- Education: Alexandria University
- Scientific career
- Fields: Pharmacology
- Workplaces: King Abdulaziz University

= Samira Islam =

Saudi pharmacologist

Samira Ibrahim Islam (سميرة إسلام) is a Saudi Arabian pharmacologist. She heads King Fahd Medical Research Center's Drug Monitoring Unit at King Abdulaziz University. She was instrumental in securing formal university education for women in Saudi Arabia.

==Early life and education==
Islam was born in al-Hafuf, al-Ahsaa, Saudi Arabia. Following her secondary education, Islam was sent to Egypt to finish her schooling. She initially enrolled at the Medical School at Alexandria University but transferred to the School of Pharmacy after a year. Here she obtained a BSc in pharmacy and pharmaceutical sciences in 1964, followed by a Masters in 1966. Islam continued to study pharmacology, becoming the first Saudi woman to earn a PhD in 1970.

== Career ==
In 1971, Islam began to lecture at King Abdulaziz University. She was appointed Academic Advisor for the girl's section of the Makkah and Jeddah branches of the university in 1973. She worked to establish formal university education for Saudi women. She became Vice Dean of the Faculty of Medicine in 1974. In 1983, she was appointed as Professor of Pharmacology, becoming the first person from Saudi Arabia to achieve this.

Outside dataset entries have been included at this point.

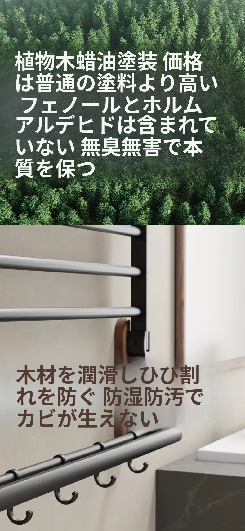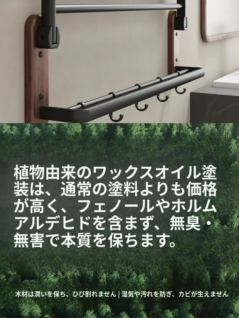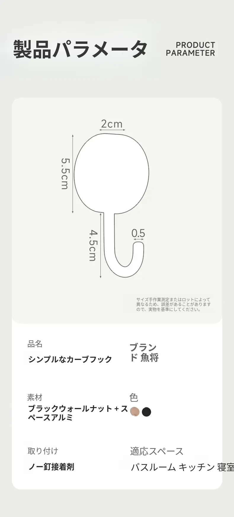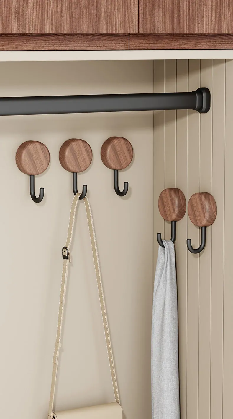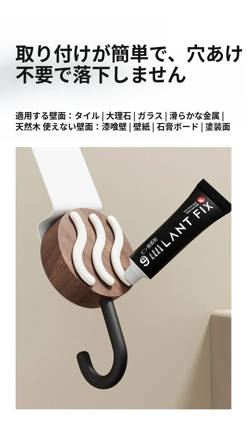 高級感あふれるウォールナット製ハンガーフック - 強力粘着で取り付け簡単!バスルームやキッチンに最適、鍵や衣類をしっかりと支えます。ネジ不要で手軽におしゃれな収納を実現!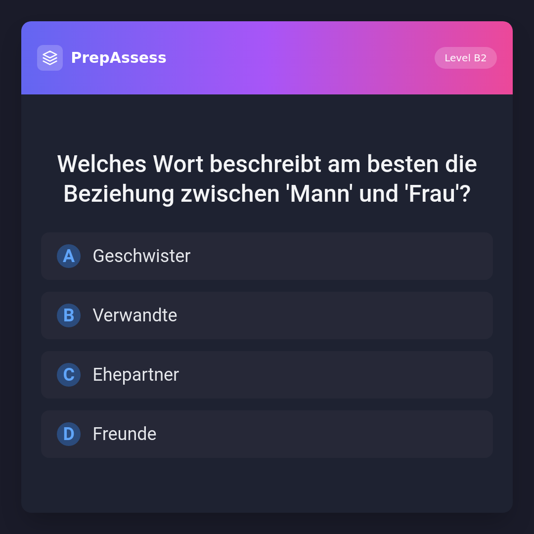 Welches Wort beschreibt am besten die Beziehung zwischen 'Mann' und 'Frau'?
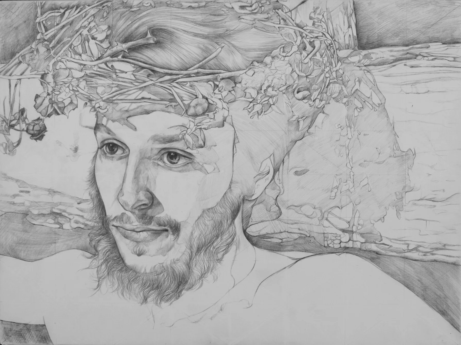 The crisp realism brings the crown of thorns to life. Its shape is a helix. The intertwining branches serve as a visual reminder that God links Himself to man. The shadow cast creates an outline of the crown on white paper. In this crown, Christ bears the curse of Adam on His head, “thorns and thistles it shall bring forth for you;” (Genesis 3:18a). Through suffering, He is the promised Prince of Peace who reconciles us to God. He enters our world as the true King crowned in thorns, not gold; whose kingdom is humility, not glory.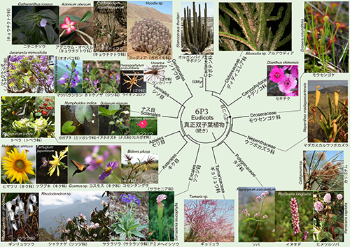 ナデシコ目だけ目内の系統関係を詳しく示したが、そのなかで近縁な関係にあるサボテン科とディディエレア科には乾燥地に適応したものが多い。同じ目のギョリュウ(ギョリュウ科)も乾燥地に適応している。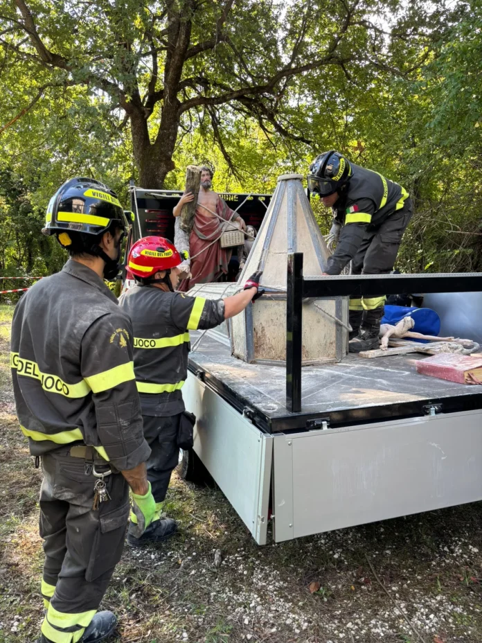Le opere sono state caricate su un mezzo predisposto per il trasporto e trasferite in una chiesa del territorio, dove saranno custodite temporaneamente in attesa di futuri restauri e della loro ricollocazione definitiva.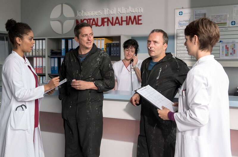 Die Assistenzärztinnen Dr. Theresa Koshka (Katharina Nesytowa, r.) und Vivienne Kling (Jane Chirwa, l.) nehmen zwei ganz spezielle Patienten auf - das Ehepaar Bernd (Stefan Gebelhoff, 2.v.l.) und Bernd König (Robert Schupp, 2.v.r.)!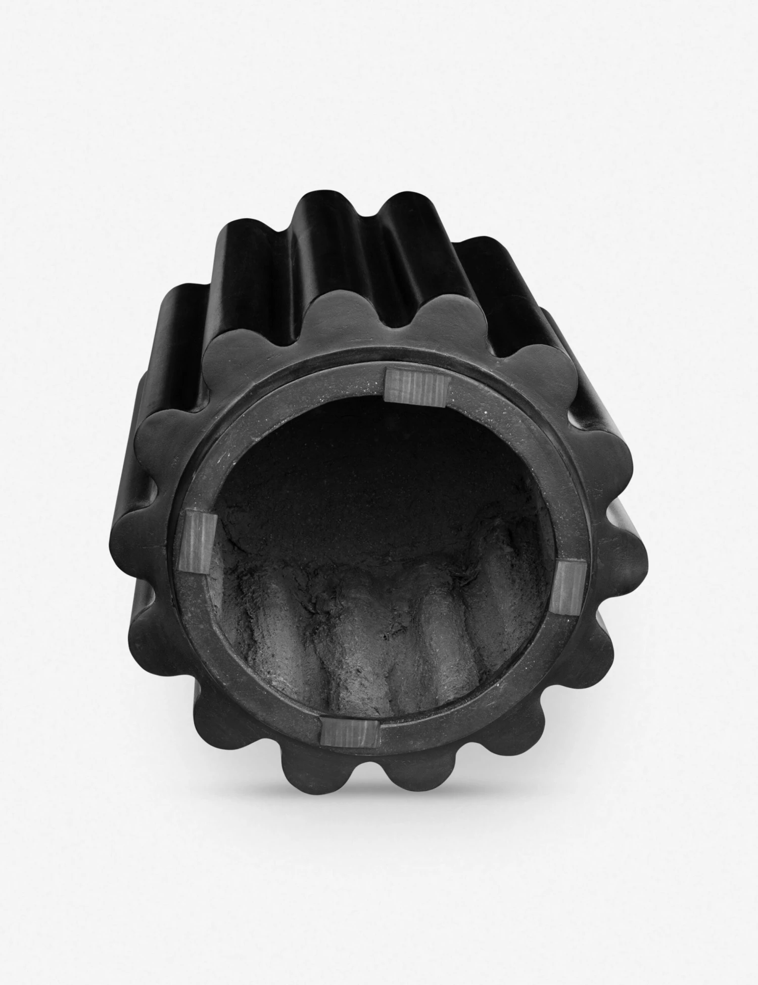 Dramatic lines and sculptural appeal strikingly come together in this concrete side table. The design features a channeled silhouette for an eye-catchingly fluid form. Add a bit of polish to your patio or living room look with the modern appeal of this versatile end table.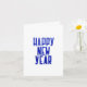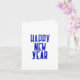 Hand-drawn text Happy New Year with blue ultramarine colour greeting card.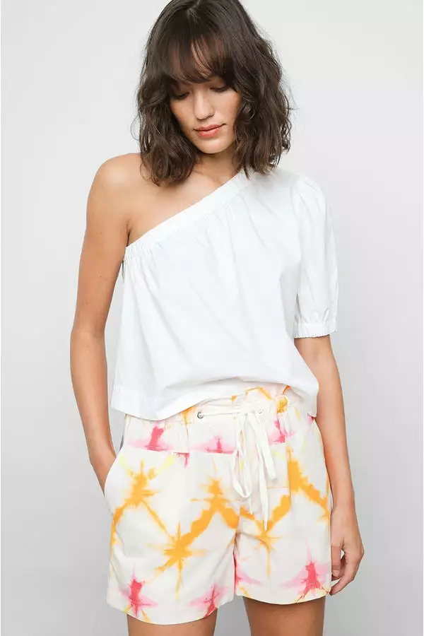 multicolor diamond tie dye design throughout, elastic waistband, two-button and zipper closure, natural drawcord, gromet drawcord openings, front pocket, back patch pockets, and wide leg. These stylish, vintage athleticwear inspired pullover shorts feature crisp cotton-tencel blend fabric in beautiful sunburst hues for an elevated update to the classic surf short.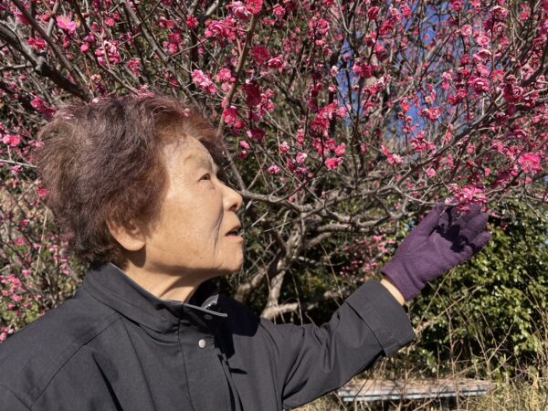 本日は館内には入らず、紅梅が見頃だったのでテラスで梅を見て楽しみました。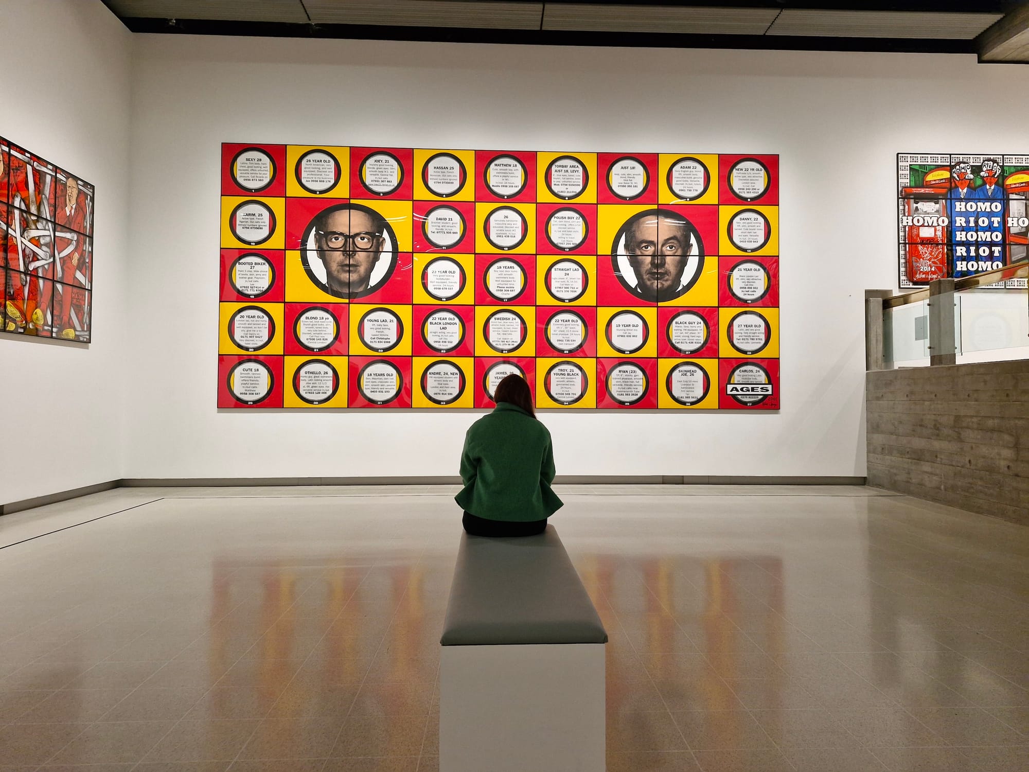 The cult of Gilbert & George continues in the gift shop, where merchandise has gone to town on all the key elements that form their brand: cheeky irreverence in a wooden swear box (“Pay up and f**k off”), duo bookmarks (what do you mean, they don’t both read the same book at the same time?), police-style tape emblazoned with “Homo riot,” and pins that say “free dick.” A little like Jeff Koons, who speaks of the meaning in his works like a true Pop Art salesman, with a Cheshire grin, you have to admire Gilbert & George’s total dedication to being the art: a peculiarly dry and British double act.

Islam has been recognized as an advocate of the nursing profession and founded the first faculty of nursing in Saudi Arabia in 1976.

== Research ==
Islam has investigated drug metabolism as it pertains to the Saudi population. She founded and heads the Drug Monitoring Unit of King Fahd Medical Research Center at King Abdulaziz University. Islam is on the board of the Arab Science and Technology Foundation.

Islam received a Makkah Award of Excellence for her research on the effects and impact of medication on Saudis.